UTEP senior lecturer Zita Arocha was inducted to the NAHJ 2016 Hall of Fame on Friday, Aug. 5, for her journalism career and for serving Hispanic and Latino students.
“I think it is a huge honor for UTEP because it really focuses attention on what we’ve done there over the last 14 years, and by that I’m talking about the whole team in our department,” Arocha said. “I feel really blessed and privileged to have had the opportunity to spend 14 years for preparing the next generation of bilingual, bicultural journalists.
At the ceremony Arocha said, “ if you don’t know about UTEP, it’s scrappy little school on the border, we kick butt, we really do.”
Arocha, a former NAHJ executive director and current director of multimedia web magazine borderzine.com, said her students give her the strength to continue each day.

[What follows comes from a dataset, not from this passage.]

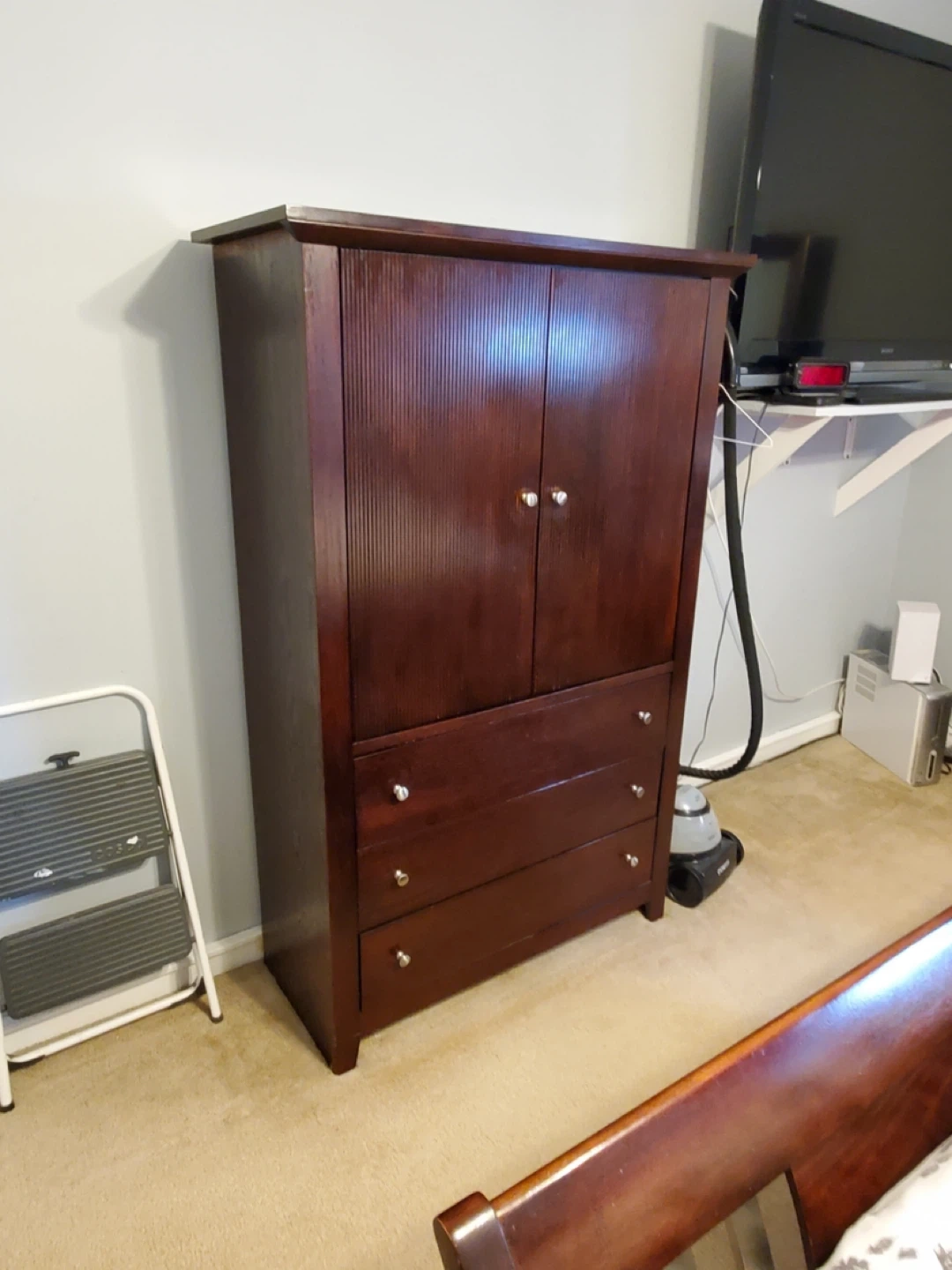 Selling complete 6 piece solid dark brown wood bedroom set up for grabs. Includes a bed frame, dresser with mirror, two nightstands, and a tall armoire. Dresser has 6 drawers. Each nightstand has 2 drawers. Armoire has 2 doors and 3 drawers. Lots of storage.

“I don’t deserve this,” Arocha said. “I really think that my kids are the ones that support me and give me the continued desire and passion to work on their behalf.”
Bobby Smith, former associate director of NAHJ, worked with Arocha while she was the executive director of NAHJ and said Arocha deserves this honor for her long career and contributions.
“She’s a marvelous human being, she is so dedicated to journalism, to Hispanic students,” Smith said. “She has never given up, she has tried to make this industry better, and she has tried to reflect the people who make up this country.”
Arocha is a Cuban journalist who came to the United States after her parents left Cuba to escape poverty.
After earning a degree in English she was unable to find a job, but with a strong will to succeed she went to her local newspaper at Tampa, and it was there where her love for journalism began.
Arocha was able to jump from being the front desk news receptionist to becoming a reporter at The Tampa Times, The Miami Herald and The Washington Post.
When Arocha came to UTEP in 2004, her dedication and desire to help young journalists came as well making an impact on students.
“She’s always there and willing to do that extra step in order for the students to achieve whatever they want to do,” said Tony Castaneda, senior multimedia journalism major. “She’s the type of professor that’s there for the students, she is an example of someone that every student wants to become.”
Arocha said that journalism at UTEP has to keep growing to allow border students to make a difference in the news media.
“We need to get media companies and media foundations focused on that next generation and preparing them and giving them the tools that they need,” Arocha said. “There has to be a greater investment by media and by media foundations in educating the kids.”
Arocha wants to continue helping the younger journalists, saying that not even retirement will never part her from her love and passion.
“I don’t like to think there is ever a capstone to a career, I don’t believe that. There is much work to be done,” Arocha said. “I can’t see journalism not being part of my life as I move forward, it’s always been there and will always be there.”